Research team succeeds in taking image of hydrogen atom
Baku, November 4 (AZERTAC). A research team led by Yuichi Ikuhara, a professor of material science at the University of Tokyo, said Thursday it has succeeded in taking an image of a single hydrogen atom, the smallest and lightest of the chemical elements.
Although it had been thought that shooting direct images of a hydrogen atom, whose diameter is about one-10 millionth of a millimeter, was impossible, the team managed to do so using a state-of-the-art "scanning transmission electron microscope" while examining vanadium hydride, known as a hydrogen storage material.
The microscope scanned an electron beam onto a tiny spot, placed at a theoretically calculated location, on the specimen to enable a detector to catch and film the image of the hydrogen atom as well as the vanadium atom.

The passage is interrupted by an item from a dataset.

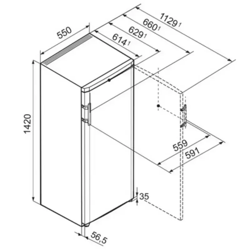 Liebherr K 2814 — отдельно стоящий однокамерный холодильник класса Comfort. Прибор высотой 140 см и полезным объемом 250 л оснащен верхней морозильной камерой полезным объемом 21 л. Класс энергетической эффективности A++ гарантирует низкое потребление электроэнергии — в среднем оно составляет 161 кВтч/год. Модель с глянцевым белым фасадом имеет одну дверцу, которую можно при желании перенавесить справа налево. Ручка для удобства снабжена встроенным толкателем. Система CoolPlus позволяет предохранить устройство от размораживания при температуре окружающей среды менее 18°C. Холодильное отделение с автоматической системой оттаивания оснащено пятью полками из закаленного стекла, при этом четыре из них регулируются по высоте. Полки на дверце выполнены в фирменном дизайне GlassLine. В морозильном отделении мощность замораживания достигает до 2 кг продуктов в сутки, а время сохранения холода при отключении электроэнергии составляет 15 часов. Механическая система управления с поворотным переключателем позволяет выставить один из 7 уровней охлаждения.

The same method can be used to take images of atoms on various kinds of specimens, according to the team. Earlier means of taking images of a hydrogen atom involved indirect methods such as through image processing.
A technique for viewing a single hydrogen atom had been sought amid active research on hydrogen storage materials as a next-generation clean source of energy, as the sequence of atoms determines the performance of such material.
"Now, we can view all atoms that exist in the world," Ikuhara said. "This will be a breakthrough toward future manufacturing that will be compelled to involve consideration of each individual atom and molecule."